Entries supplied:
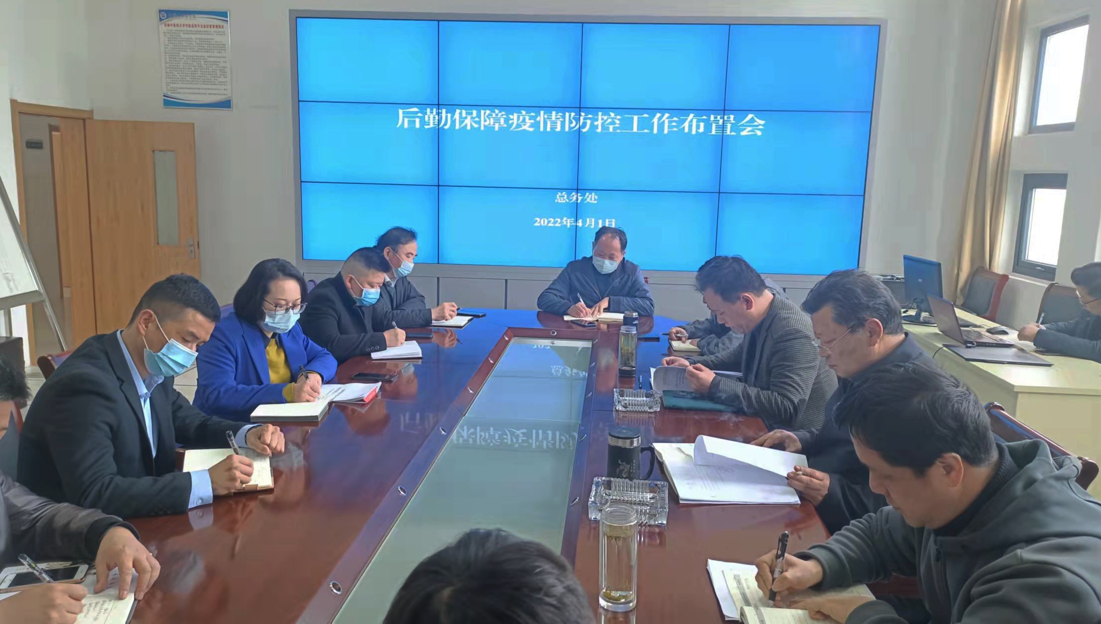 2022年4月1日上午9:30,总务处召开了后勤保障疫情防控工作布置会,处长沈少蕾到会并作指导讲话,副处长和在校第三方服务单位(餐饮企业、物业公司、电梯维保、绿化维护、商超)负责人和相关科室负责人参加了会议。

...

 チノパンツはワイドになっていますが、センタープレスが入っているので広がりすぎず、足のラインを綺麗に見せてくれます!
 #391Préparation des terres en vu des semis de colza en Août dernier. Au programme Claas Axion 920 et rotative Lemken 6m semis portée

Task details: In the data above, find the line that contains "チノパンツはワイドになってい" and the line that contains "#391Préparation des terres". Repeat exactly those lines and every line between them, and only those.

Your solution:
 チノパンツはワイドになっていますが、センタープレスが入っているので広がりすぎず、足のラインを綺麗に見せてくれます!
 #391Préparation des terres en vu des semis de colza en Août dernier. Au programme Claas Axion 920 et rotative Lemken 6m semis portée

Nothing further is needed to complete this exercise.